This article was published 14/12/2009 (5246 days ago), so information in it may no longer be current.

LOS ANGELES — It is safe to say that when writer Dominique Mainon saw Sharon Stone’s brazenly seductive character in director Paul Verhoeven’s sex-and-violence potboiler Basic Instinct, something clicked.

Mainon, 39, is the co-author, with James Ursini, of the new book Femmes Fatales: Cinema’s Most Unforgettable Lethal Ladies, a lavishly illustrated examination of cinema’s love affair with women who are as deadly as they are seductive.

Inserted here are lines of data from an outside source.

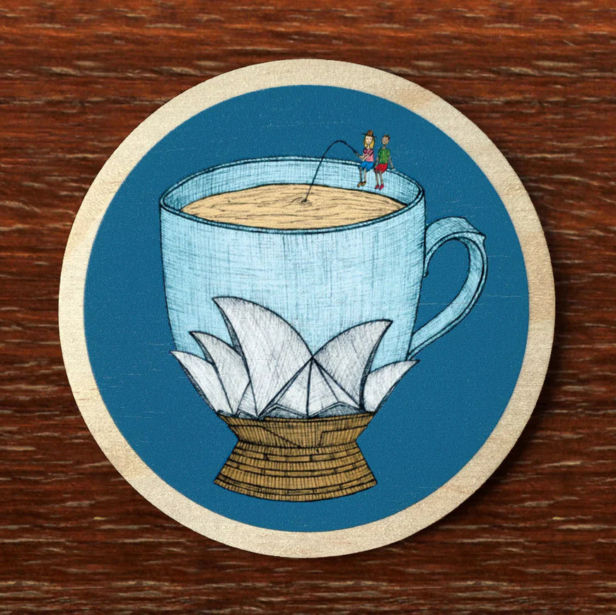 Hand illustrated Sydney coaster with a quirky Australian teacup design. Wooden coaster designed and printed in Australia. Illustration by artist Emily May.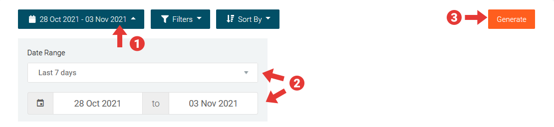 - Select the required period in the Date Range dropdown by either selecting a pre-defined period from the_ Date Range_ dropdown, or entering custom dates in the From and _To _ fields.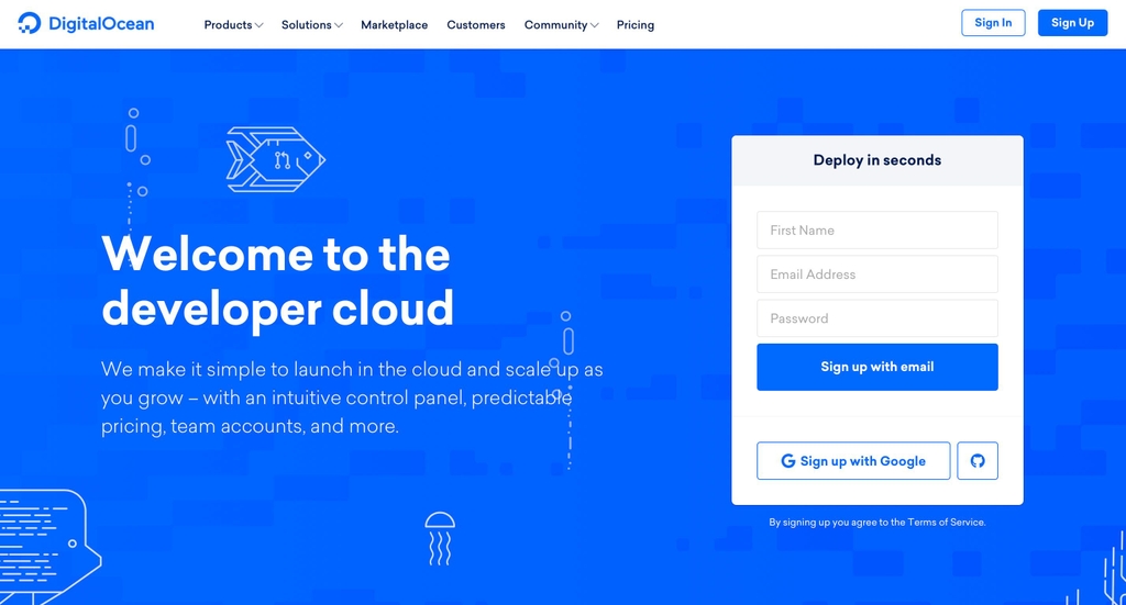 First thing you need to do is creating a DigitalOcean account. Go to the website and sign up if you don’t have an account already.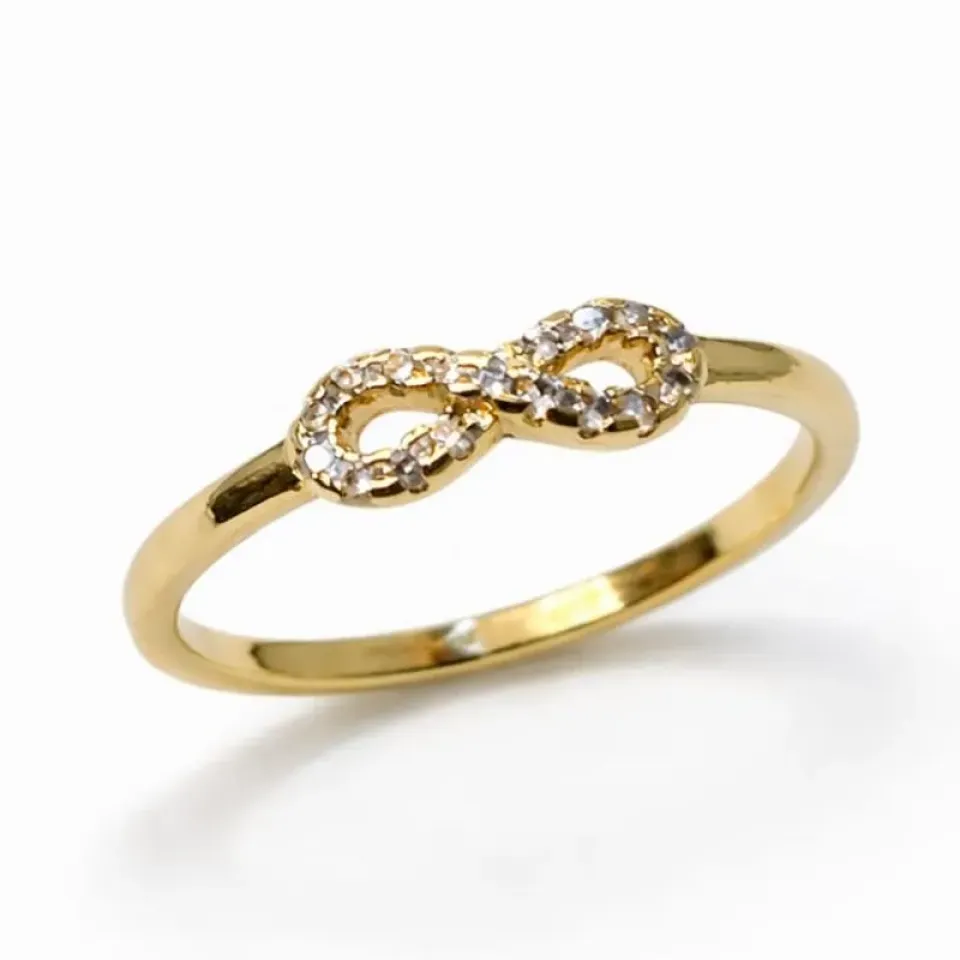 Um símbolo de amor eterno transformado em joia. O anel infinito vazado traz um design delicado e sofisticado, realçado por micro zircônias que proporcionam um brilho sutil e elegante na medida certa.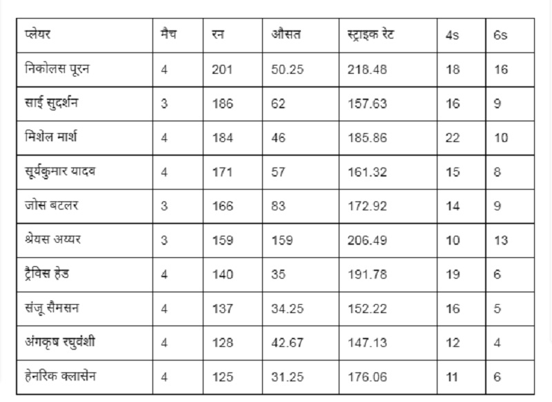 लखनऊ सुपर जाएंट्स के विस्फोटक बल्लेबाज निकोलस पूरन आईपीएल 2025 में सबसे ज्यादा रन बनाने वाले बल्लेबाजों की रेस में टॉप पर हैं। वह सीजन में 200 रन का आंकड़ा पार करने वाले अभी तक एकमात्र खिलाड़ी हैं। उनके बल्ले से 4 मैचों में 201 रन निकले हैं। वहीं टॉप-10 बल्लेबाजों की इस लिस्ट में 5 भारतीय और इतने ही विदेशी खिलाड़ी हैं।
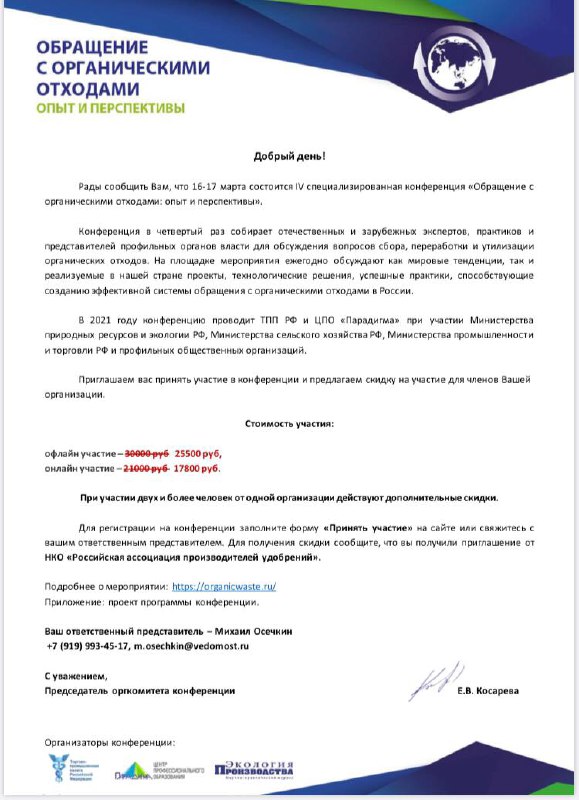 ❗️❗️❗️Внимание! 16-17 марта состоится IV международная конференция «Обращение с органическими отходами: опыт и перспективы». Мероприятие проведут в здании Торгово-промышленной палаты РФ по адресу: г. Москва, ул. Ильинка, д. 6/1, c.1. Конференция соберет отечественных и зарубежных экспертов, практиков и представителей профильных органов власти для обсуждения вопросов сбора, переработки и утилизации органических отходов. В центре внимания мировые тенденции, проекты, реализуемые в России, технологические решения, позитивные и негативные практики, способствующие или препятствующие созданию эффективной системы обращения с органическими отходами в России. Для подписчиков информационных ресурсов РАПУ скидка 15% по коду "ОТ РАПУ".

"That was the resurrection of the femme fatale," Mainon says of Stone’s character, who became an erotic icon of the SSRq90s despite her unpleasant penchant for killing lovers with an ice pick.

"In the ’80s films, (women were often) screaming victims and it was interesting to see the changeover begin to happen," Mainon says. "Next thing you know, there were over-the-top kick-ass women manifesting themselves in a very violent physical manner that was almost like Revenge of the Ladies."

Mainon and Ursini covered some of that thematic turf in a previous book, The Modern Amazons: Warrior Women On Screen, a project she initiated while battling breast cancer in 2004, inspired by the Amazon archetype of women "who cut off their right breast in order to better aim their arrows."

Mainon jumped from a study of warriors to femmes fatales out of a fascination with the femme’s powers of manipulation.

"The femme fatale doesn’t even need a weapon. She makes the man into a weapon," she says. "I was fascinated with the dynamic of how that came to be. What exactly is it that takes place and what’s the commonality between them? What they do to develop these weapons and to gain control?"

Mainon seeks to answer those questions in the book with a thorough overview of an archetype that is almost as old as cinema itself (or much older, if you accept Mainon’s introductory assertion that Eve was the first femme fatale, "as she entices Adam to sin and Adam becomes the first man to begin making excuses to God that SHE made him do it.")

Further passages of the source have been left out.